# A short Second Introduction.



## Zida'sukara (Mar 8, 2007)

Hello,

just using the privilage to introduce myself for the second time. Due to a not so friendly translation of my previous Username(at the registration I was not aware of this), my name has changed from Abafang**l to Zida'sukara. 

Barbara


----------



## Brian R. VanCise (Mar 8, 2007)

Welcome to MartialTalk!


----------



## Carol (Mar 8, 2007)

Barbara we are really happy to have you here.  I've been enjoying your posts a lot


----------



## Zida'sukara (Mar 8, 2007)

Thank you Carol!


----------



## kidswarrior (Mar 8, 2007)

Well, welcome again, Barbara!


----------



## Drac (Mar 8, 2007)

Does this new name have a particular meaning to you???


----------



## Kacey (Mar 8, 2007)

Welcome again!  :wavey:


----------



## Zida'sukara (Mar 8, 2007)

Drac said:


> Does this new name have a particular meaning to you???


 
Did you read the 4 books from Tad Williams - Memory, Sorrow and Thorn? In these books there is an elfish Folk who are called Zidaya.  

My name I made up for a Roll Game (Character Game). I am a Half-Elf warrior in that game and my big fantasy told me that Zida'sukara means "Born from Zidaya."


----------



## Jade Tigress (Mar 8, 2007)

Welcome again! Enjoy the board!


----------



## gixxershane (Mar 8, 2007)

welcome and happy posting!


----------



## Tames D (Mar 8, 2007)

Welcome again.


----------



## IcemanSK (Mar 8, 2007)

Welcome to MT, Barbara!


----------



## 14 Kempo (Mar 11, 2007)

Hello Barbara, welcome to MT ... again!


----------



## Zida'sukara (Mar 13, 2007)

Thank you all...again!!


----------



## bluemtn (Mar 25, 2007)

Well, sorry for the late reply...  Welcome and happy posting!


----------



## exile (Mar 25, 2007)

Welcome (back), Barbara!


----------



## Xue Sheng (Mar 26, 2007)

Zida'sukara said:


> Hello,
> 
> Abafang**l to Zida'sukara.
> 
> Barbara


 
I was wondering if it was a mistake or not.

Welcome again


----------



## tshadowchaser (Mar 26, 2007)

also sorry for the late reply but

welcome once  again to martialtalk


----------



## Zida'sukara (Mar 27, 2007)

Thank you all for your warm welcome again!!


----------



## Shaderon (Mar 27, 2007)

Yea yea yea, you're just after attention aren't you?  
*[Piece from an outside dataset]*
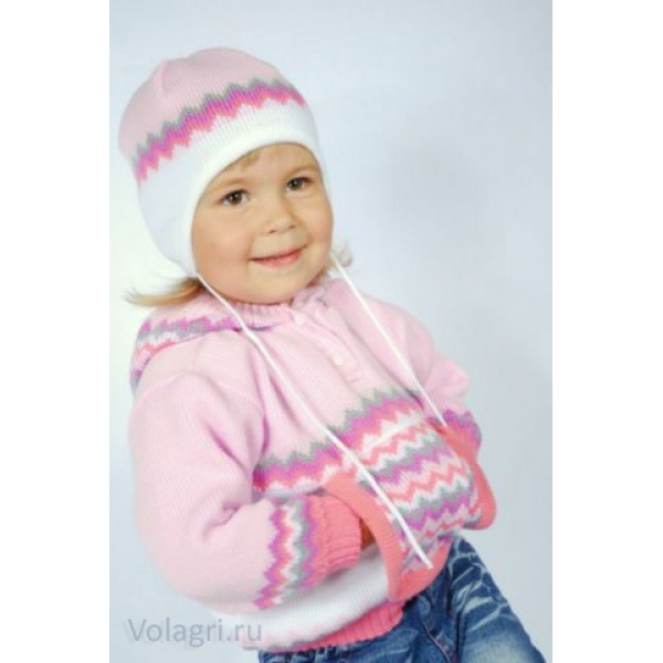 Джемпер для девочки. Капюшон и нагрудный карман-муфта, рисунок <<елочка>> приятной цветовой гаммы. Горловина отделана застежкой поло на двух кнопках. Капюшон, рукава и низ изделия отделаны вязкой <<резинка>>.

Seriously, it's great to have you here, keep posting B!


----------



## Zida'sukara (Mar 27, 2007)

Shaderon said:


> Yea yea yea, you're just after attention aren't you?
> 
> Seriously, it's great to have you here, keep posting B!


 
Of course I do and I am loving it!!


----------



## OnlyAnEgg (Apr 3, 2007)

Welcome to the board, Barbie!


----------



## Ping898 (Apr 3, 2007)

Welcome to the board a second time


----------



## Zida'sukara (Apr 4, 2007)

OnlyAnEgg said:


> Welcome to the board, Barbie!


 
I havent been called that way, for a long time, brings up memories. 

Its usually Babs or Barrie. 

Thank you all for your second warm welcomes.


----------



## Skip Cooper (Apr 4, 2007)

Welcome back to MT!!!


----------



## Zida'sukara (Jun 6, 2007)

Because I am so excited, I just wanted to let everybody know that I will start in week 27 or 28!! I contacted the dojo where I want to train and I can come still before the summerstop. The exact date i cannot tell because it will be in the chaos of my movings but there are 4 lessons in these weeks. 

I am very excited but also very very nervous to return. It has been a long time and I am afraid to do something wrong and even afraid of being to nervous in the class what is making me nervous again! Well you know. 
I am very happy!!!


----------



## Hawke (Jun 6, 2007)

Greetings Babs!

Welcome to MT.  Coming back to a MA can be nervous.  Hope you meet some cool people at your dojo.  

Cheers.


----------



## stone_dragone (Jun 6, 2007)

Greetings and welcome to MT..again!


----------



## seasoned (Jun 7, 2007)

Welcome again, a great place to hang, as you know already.


----------



## Rabu (Jun 7, 2007)

Nice to meet ya!


----------